Open tvaknin opened 4 months ago
From the provided stack traces it is not clear who holds the m_GlobControlLock
. All the threads are trying to lock it. But there should be a thread that is holding it, and is probably trying to lock some other socket, that has been already locked. My gut feeling is that the other lock is m_LSLock
. Maybe there is one more thread trying to close a socket, locking this mutex.
CUDTUnited::checkBrokenSockets()
locks m_GlobControlLock
and eventually calls CUDTUnited::removeSocket(..)
-> CUDT::closeInternal()
-> m_pRcvQueue->removeListener(this);
-> lock m_LSLock
. For example here the order would be the opposite
#2 0x00007f954b9ebfb8 in srt::CUDTUnited::newConnection(..) -> lock m_GlobControlLock
#3 0x00007f954ba1948d in srt::CUDT::processConnectRequest(srt::sockaddr_any const&, srt::CPacket&)
#4 0x00007f954ba60156 in srt::CRcvQueue::worker_ProcessConnectionRequest(..) -> lock m_LSLock
#5 0x00007f954ba60ec4 in srt::CRcvQueue::worker(void*) () from ../libs/libsrt.so.1.5
But from the state of the GC thread that above described case is not the one happening here.
#0 __lll_lock_wait () at ../sysdeps/unix/sysv/linux/x86_64/lowlevellock.S:103
#1 0x00007f6ad3751411 in __GI___pthread_mutex_lock (mutex=0x7f6ad4c1e480 <srt::CUDT::uglobal()::instance+96>)
#2 0x00007f6ad4b53b33 in srt::CUDTUnited::locateSocket(int, srt::CUDTUnited::ErrorHandling) -> lock m_GlobControlLock
#3 0x00007f6ad4b5bc58 in srt::CUDTUnited::close(int) () from ../libs/libsrt.so.1.5
#4 0x00007f6ad4b5bcec in srt::CUDT::close(int) () from ../libs/libsrt.so.1.5
#5 0x00000000004c1e78 in SrtConnectionManager::CheckForConnection (this=0x10ecea0 <SrtConnectionManager::GetInstance()::inst>)
#0 __lll_lock_wait () at ../sysdeps/unix/sysv/linux/x86_64/lowlevellock.S:103
#1 0x00007f954a5e0411 in __GI___pthread_mutex_lock (mutex=0x7f954baad480 <srt::CUDT::uglobal()::instance+96>)
#2 0x00007f954b9e2b33 in srt::CUDTUnited::locateSocket(int, srt::CUDTUnited::ErrorHandling) -> lock m_GlobControlLock
#3 0x00007f954b9e623c in srt::CUDT::sendmsg2(int, char const*, int, SRT_MsgCtrl_&) ()
#4 0x00007f954b9e629f in srt::CUDT::send(int, char const*, int, int)
#5 0x00000000004dad3d in OutSrtSocket::Send (successCnt=0x2f8d484, this=0x7f950194eeb0)
#0 __lll_lock_wait () at ../sysdeps/unix/sysv/linux/x86_64/lowlevellock.S:103
#1 0x00007f954a5e0411 in __GI___pthread_mutex_lock (mutex=0x7f954baad480 <srt::CUDT::uglobal()::instance+96>)

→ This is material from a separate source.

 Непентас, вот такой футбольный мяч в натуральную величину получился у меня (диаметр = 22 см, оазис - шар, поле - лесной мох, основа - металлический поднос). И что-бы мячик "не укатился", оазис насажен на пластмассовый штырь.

#2 0x00007f954b9ed00e in srt::CUDTUnited::checkBrokenSockets() () from ../libs/libsrt.so.1.5 -> lock m_GlobControlLock
#3 0x00007f954b9ed6a8 in srt::CUDTUnited::garbageCollect(void*) () -> lock m_GCStopLock
#4 0x00007f954a5ddefc in start_thread (arg=<optimized out>) at pthread_create.c:479
#5 0x00007f9549ec122f in clone () at ../sysdeps/unix/sysv/linux/x86_64/clone.S:95
#0 __lll_lock_wait () at ../sysdeps/unix/sysv/linux/x86_64/lowlevellock.S:103
#1 0x00007f954a5e0411 in __GI___pthread_mutex_lock (mutex=0x7f954baad480 <srt::CUDT::uglobal()::instance+96>)
#2 0x00007f954b9ebfb8 in srt::CUDTUnited::newConnection(..) -> lock m_GlobControlLock
#3 0x00007f954ba1948d in srt::CUDT::processConnectRequest(srt::sockaddr_any const&, srt::CPacket&)

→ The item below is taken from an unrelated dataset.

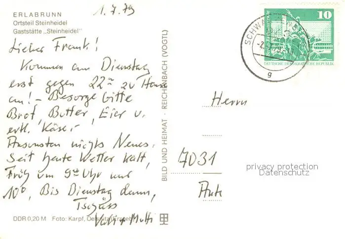Erlabrunn_Erzgebirge Gaststaette Steinheidel Erlabrunn_Erzgebirge postalisch gelaufen 1979 Erhaltung siehe scans [LiesaD40] LiesID40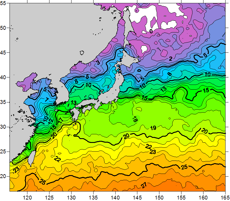 o 2011년 02월 15일 북서태평양 광역해양 수온분포 입니다. o 아래 위성 수온분포도는 국립수산과학원(NFRDI, Korea)과 일본동북대학교 (Tohoku University, Japan)가 공동연구개발 진행중, 1차 연구결과인 것으로 구름의 영향을 배제한 신기술의 수온정보입니다.

#4 0x00007f954ba60156 in srt::CRcvQueue::worker_ProcessConnectionRequest(..) -> lock m_LSLock
#5 0x00007f954ba60ec4 in srt::CRcvQueue::worker(void*) () from ../libs/libsrt.so.1.5
#6 0x00007f954a5ddefc in start_thread (arg=<optimized out>) at pthread_create.c:479
#7 0x00007f9549ec122f in clone () at ../sysdeps/unix/sysv/linux/x86_64/clone.S:95
Could this problem be reproduced with having #2893 added?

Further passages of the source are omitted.